[asterisk-users] Asterisk Server : IDE HDD frequent crash

2006-10-06 Thread Matthew Rubenstein
I partitioned/formatted a new WD2500 with NTFS on a WinXP machine,
filled it with data (mostly 10MB FLAC and SHN soundfiles). Then
transferred it to an AAH Asterisk server box with a Digium TDM400P
(1FXO/1FXS) and an Audigy2 soundcard. I installed it as hdb, booting off
hda (no other drives). I mounted that drive with ntfs-fuse, and then
remotely mounted it from another machine (Ubuntu) with sshfs. fuse
doesn't fully work, so when I removed some files from the NTFS volume it
failed to remove the last file specified for removal from some
directories (and therefore their directories). I then opened several of
the existing remote files from my local workstation.

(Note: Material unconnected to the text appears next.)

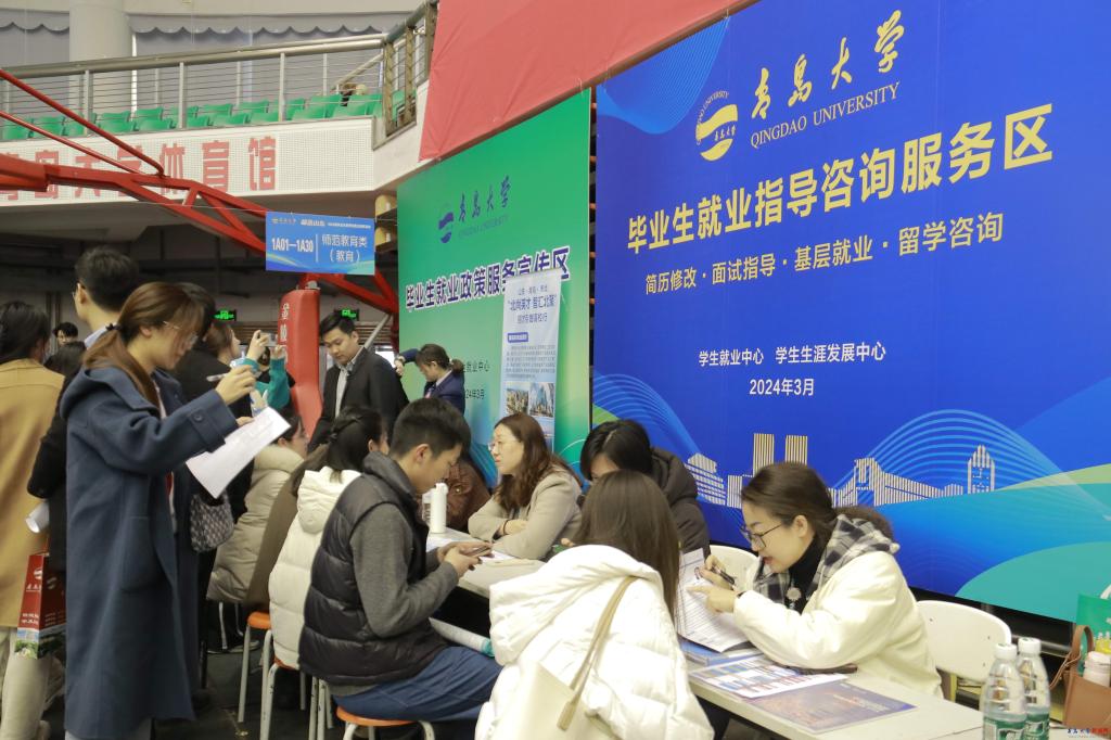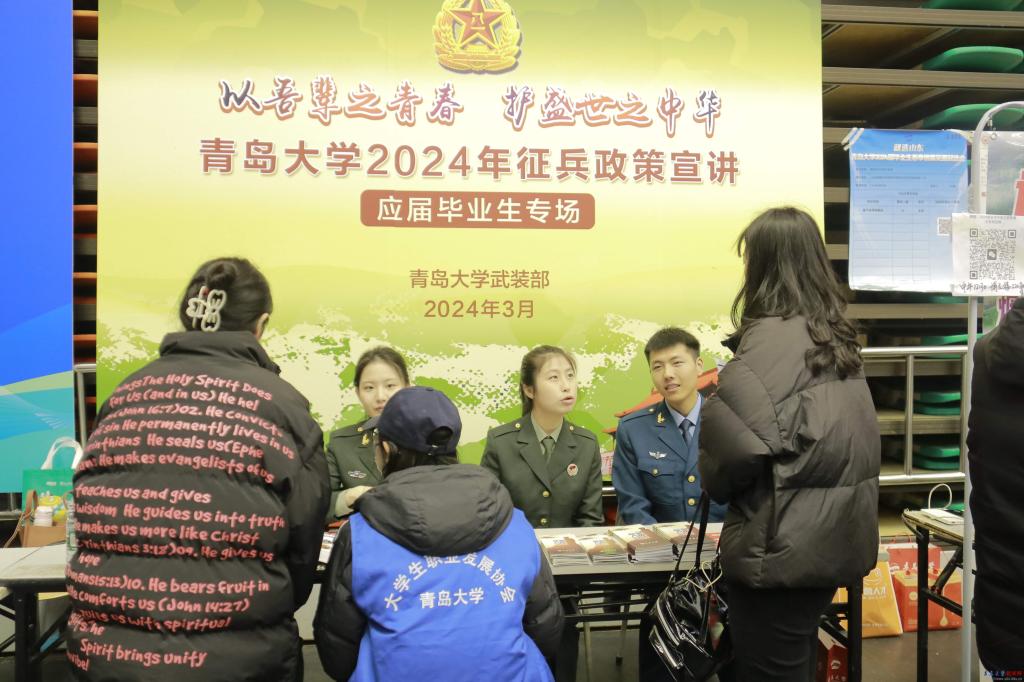 在双选会现场的独立区域设立了“三大就业赋能区”,包括政策服务宣传区、就业指导区以及征兵入伍宣传区,邀请青岛市人社局工作人员、校内引航生涯发展咨询室咨询师、青核先锋营政策宣传员等专业人士为毕业生提供相关领域的咨询服务。

After about 6 hours, I got a CentOS kernel panic from the AAH server
with the NTFS drive, indicating an IRQ conflict. When I rebooted, it
continued to kernel panic. Until I rebooted with the Audigy2 soundcard
removed, which forced CentOS to deinstall the driver. After which point
I deleted the AC97 module for the motherboard soundchip, just to be
safe, then shut down, reinserted the Audigy2, restarted, let CentOS
automatically remove the AC97 configs, add the Audigy2 configs, and
continue normally. Except the drive is now marked "dirty", requiring
"chkdsk", which doesn't run on Linux, and has no Linux equivalent. The
NTFS tools that come with fuse and fix the most basic state problems had
no effect. But if I force mount, the drive mounts and reads files fine
(I don't write to it in its dirty state).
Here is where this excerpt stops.